Secondly, we validated the performance of the chip for gentle isolation of T cells, a key step in the manufacturing process of CAR T cell therapy. We have shown that the functional properties of the sorted cells related to viability, cell growth and activation are equal to the currently used method based on magnetic bead isolation. In contradiction to the current magnetic isolation, our celsorter platform can be scaled, automated, and integrated easily in line, which will really change and improve the full manufacturing process. These findings are gathered in a manuscript that will be submitted to the journal of Cytotherapy.
Further, the capability of the chip to perform sensitive and clinically relevant flow cytometry was validated in collaboration with the research group of professor Coosemans at KU Leuven focusing on immune profiling in ovarian cancer patients. They have found that an immune read out of immune cells in the blood of ovarian patients can discriminate between a benign or malignant tumor without the need for a biopsy. Further, this immune readout can be followed up during primary treatment and provide information on the success of the current treatment. We have validated the performance of our platform to perform a limited immune readout, based on 4 markers against a conventional flow cytometer. We found a good correlation between the two measurements and results will be gather for submission to Cytometry A.
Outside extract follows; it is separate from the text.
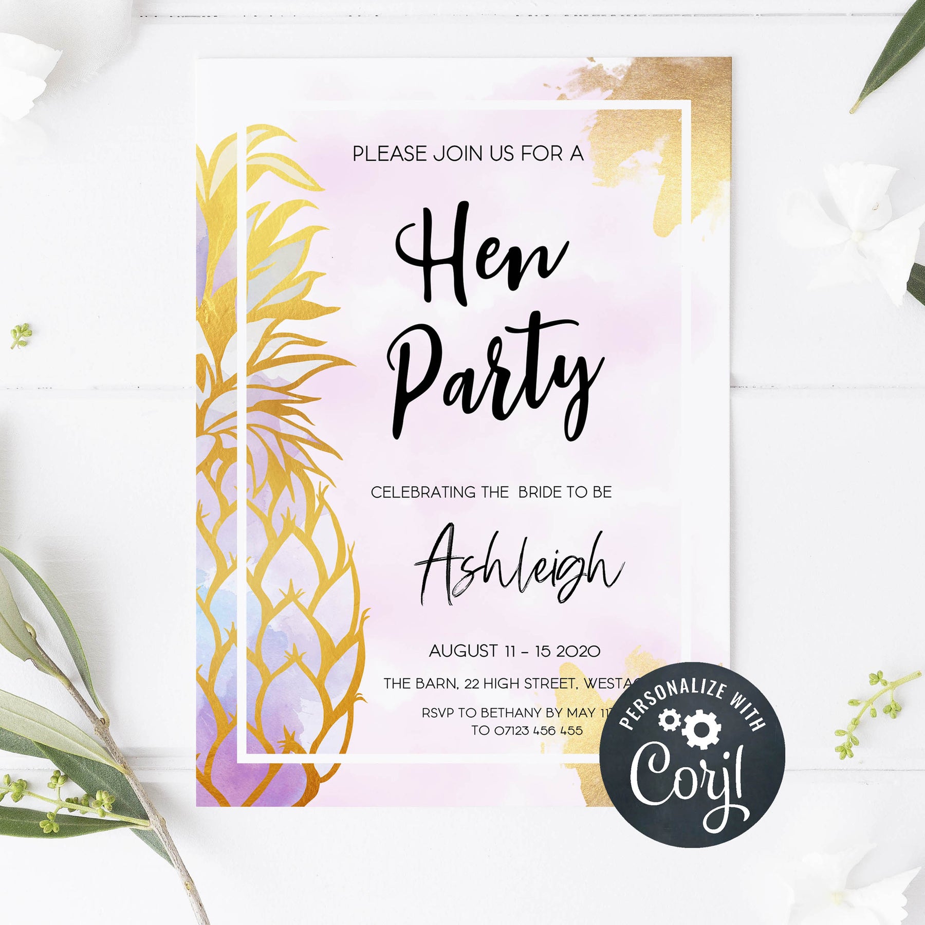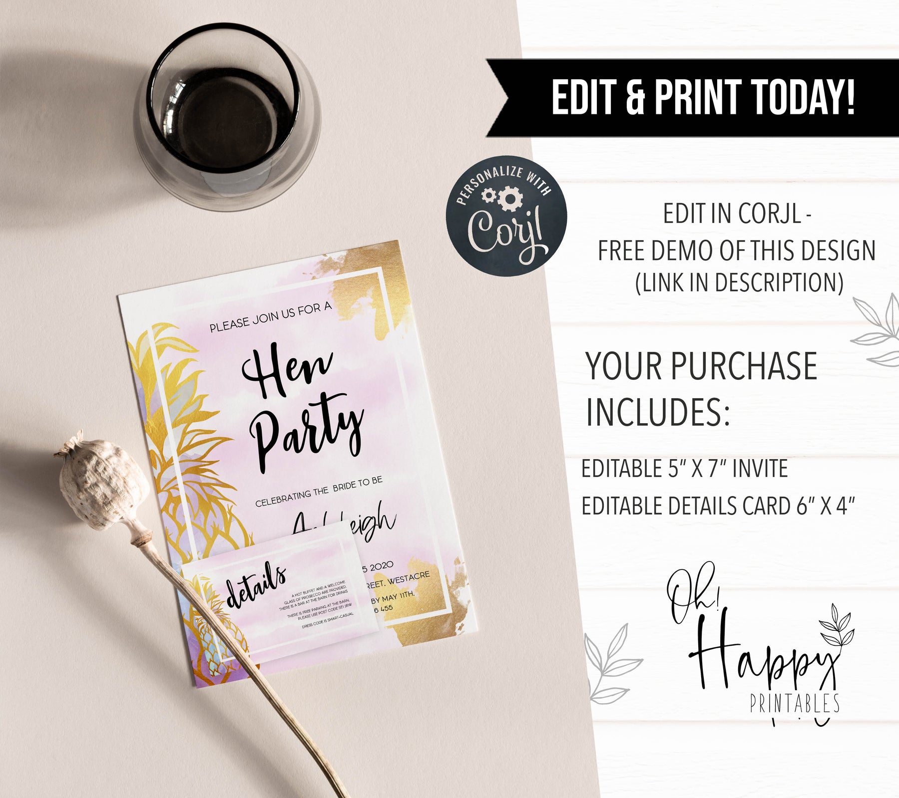 From our Gold Pineapple bridal collection, this invite is the perfect start to your bridal celebrations. Download immediately and edit yourself, it couldn't be simpler! This invitation set also includes a matching details card.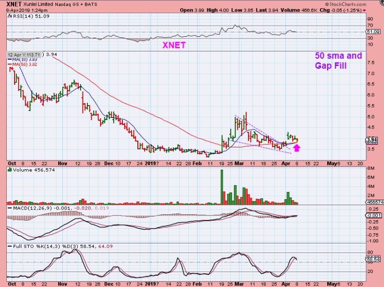XNET  –  I own XNET,  but it didn’t break higher like many other blockchain stocks. It actually dropped yesterday to the 50sma and finished filling a gap. I added JUST IN CASE it wants to break & run higher with the others this week.

In the last part of the grant, we have investigated and developed the concepts needed to multiplex the sorter chip to enable high throughput without compromising on the quality of the sorted product. First, we assessed how the fluidics could be multiplexed in a robust way while minimizing overall chip complexity. Hydrodynamic focusing was identified as the most robust method that can be integrated rather easily on chip with a small form factor. The only drawback is the need for a high number of in/outlet holes per channel. To solve this, further development is needed to efficiently split channels on chip, thereby sharing the same inlet/outlet holes over multiple channels. We envision that this could be done by implementing two-layer fluidics. Besides the fluidics, also the optics needs to be parallelized. Given the requirement for fluorescent detection, optics parallelization is a complex challenge. First, a paper study was performed to develop a scalable concept for multicolor excitation and detection. This concept was based on waveguides that guide light of different wavelength to different channels in the chip. Upon excitation, cells would emit fluorescence that would be captured with lenses and guided to a pixel in an APD array. As a first step, robust excitation waveguides were designed and fabricated that produce a uniform light beam orthogonal to the flow direction. These waveguides were validated with QC calibration beads and the detection efficiency was found to be less dependent to the position of the bead in the flow channel compared to conventional waveguide platforms.

The ERC grant has given us the opportunity to de-risk some modules, perform proof of concepts and early prototype. Moreover, the translation to clinical applications has been initiated with already a number of successes on the way.